**INPUT FOR THIS TASK**
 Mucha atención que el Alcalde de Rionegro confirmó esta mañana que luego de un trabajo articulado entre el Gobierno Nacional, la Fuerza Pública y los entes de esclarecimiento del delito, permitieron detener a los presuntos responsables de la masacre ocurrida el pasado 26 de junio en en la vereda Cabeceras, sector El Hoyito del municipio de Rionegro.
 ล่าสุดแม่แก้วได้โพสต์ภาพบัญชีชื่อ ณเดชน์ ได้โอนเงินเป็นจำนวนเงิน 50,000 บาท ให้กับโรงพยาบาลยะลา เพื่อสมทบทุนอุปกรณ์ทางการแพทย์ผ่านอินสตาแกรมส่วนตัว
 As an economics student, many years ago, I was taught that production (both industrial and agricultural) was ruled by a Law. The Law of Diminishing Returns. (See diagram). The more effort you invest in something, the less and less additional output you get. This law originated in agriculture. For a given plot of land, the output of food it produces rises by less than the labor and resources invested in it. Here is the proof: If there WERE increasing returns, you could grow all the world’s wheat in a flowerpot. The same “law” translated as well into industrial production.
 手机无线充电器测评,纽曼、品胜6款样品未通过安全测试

---

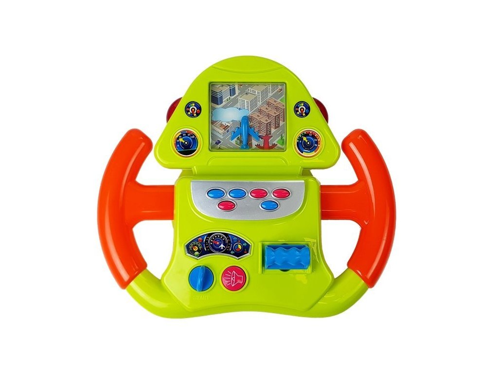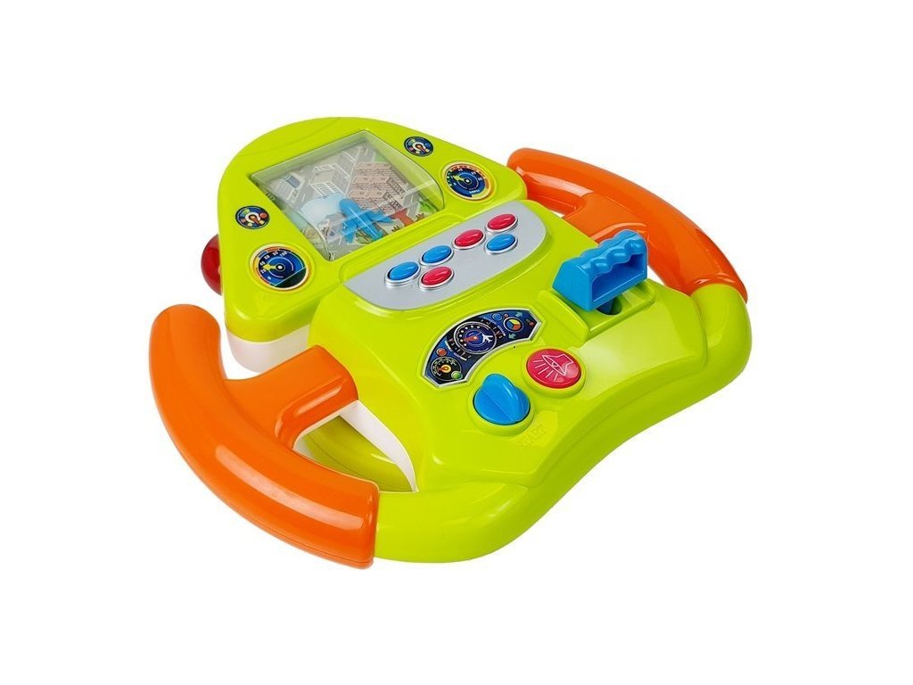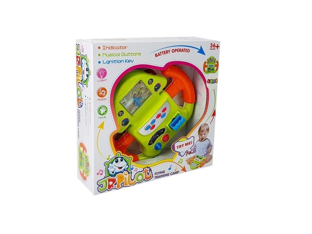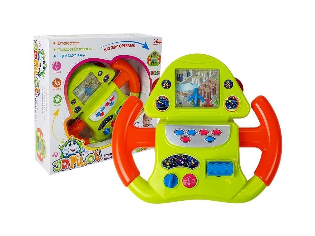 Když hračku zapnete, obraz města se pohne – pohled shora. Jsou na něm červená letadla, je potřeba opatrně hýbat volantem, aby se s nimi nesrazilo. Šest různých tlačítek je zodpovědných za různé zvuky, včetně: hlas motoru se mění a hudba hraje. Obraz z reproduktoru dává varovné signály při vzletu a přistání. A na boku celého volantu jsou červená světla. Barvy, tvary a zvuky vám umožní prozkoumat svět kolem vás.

**GOAL OF THE EXERCISE**
All lines above from the one holding "Mucha atención que" to the one holding "ล่าสุดแม่แก้วได้โพสต์ภาพบัญชีชื่อ ณเดชน์ ได้โอนเงินเป็นจำนวนเงิน", inclusive, are to be copied exactly; no other line is wanted.

**SOLUTION TO THE PROBLEM**
 Mucha atención que el Alcalde de Rionegro confirmó esta mañana que luego de un trabajo articulado entre el Gobierno Nacional, la Fuerza Pública y los entes de esclarecimiento del delito, permitieron detener a los presuntos responsables de la masacre ocurrida el pasado 26 de junio en en la vereda Cabeceras, sector El Hoyito del municipio de Rionegro.
 ล่าสุดแม่แก้วได้โพสต์ภาพบัญชีชื่อ ณเดชน์ ได้โอนเงินเป็นจำนวนเงิน 50,000 บาท ให้กับโรงพยาบาลยะลา เพื่อสมทบทุนอุปกรณ์ทางการแพทย์ผ่านอินสตาแกรมส่วนตัว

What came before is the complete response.